子どもが主役の映画はこれまであまり観なかったし、期待しないで、ただ林遣都のデビュー作にして主演作ということで鑑賞。それが想像以上に良かった。
16歳の林遣都の美少年ぶりもさることながら、そのことが一切映画の本筋とは関係ないというのがいい。ひたすら野球に没頭する中学1年生の原田巧(遣都)は、天才的ピッチャーであり、心に深い孤独を抱えながら誰とも分かち合えない野球への真摯な思いを抱いていた。その姿は孤高で美しい。マウンドに立った彼の投球に入った時のアップの顔、全身で、その崇高さを醸し出していた。
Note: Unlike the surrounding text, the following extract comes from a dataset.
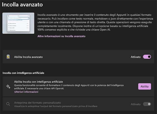 - Incolla avanzato ha una nuova funzionalità chiamata Incolla avanzato con intelligenza artificiale che utilizza Semantic Kernel per intervenire sugli appunti;

これがデビュー作?
そして、彼の豪速球をキャッチできてバッテリーを組むことになった豪ちゃん(山田健太)の笑顔も最高にいい。
この作品、3000人の子どもが参加したオーディションの結果、主演のバッテリー二人と、その友人たちが決まったというが、検索してみると、やはり野球経験者が多く、投げる、取るは本当に上手だったし、少年たちの野球をしながらの自然な演技が本当に良かった。
野球部の鬼監督の萩原聖人や、祖父役の菅原文太(この人の岡山弁が実にナチュラル)など、周囲を固める大人たちが、少年たちの成長に大きく関わらないのがいい。あくまでそっと見守っている。少年たちは、その年ごろ特有の不器用さながらも関係性をはぐくみ、また、バッテリーも最後にはお互いを心から信頼できる関係になる。まさに「バッテリー」、二人の成長の物語。
原作が素晴らしいことと、やはり滝田洋二郎監督の腕なんだろうな。少年たちが本当に眩しく、素晴らしかった。ちなみにロケ地は岡山で、岡山弁も素朴で彼らの純朴さを出すのに一役買っているような気がした。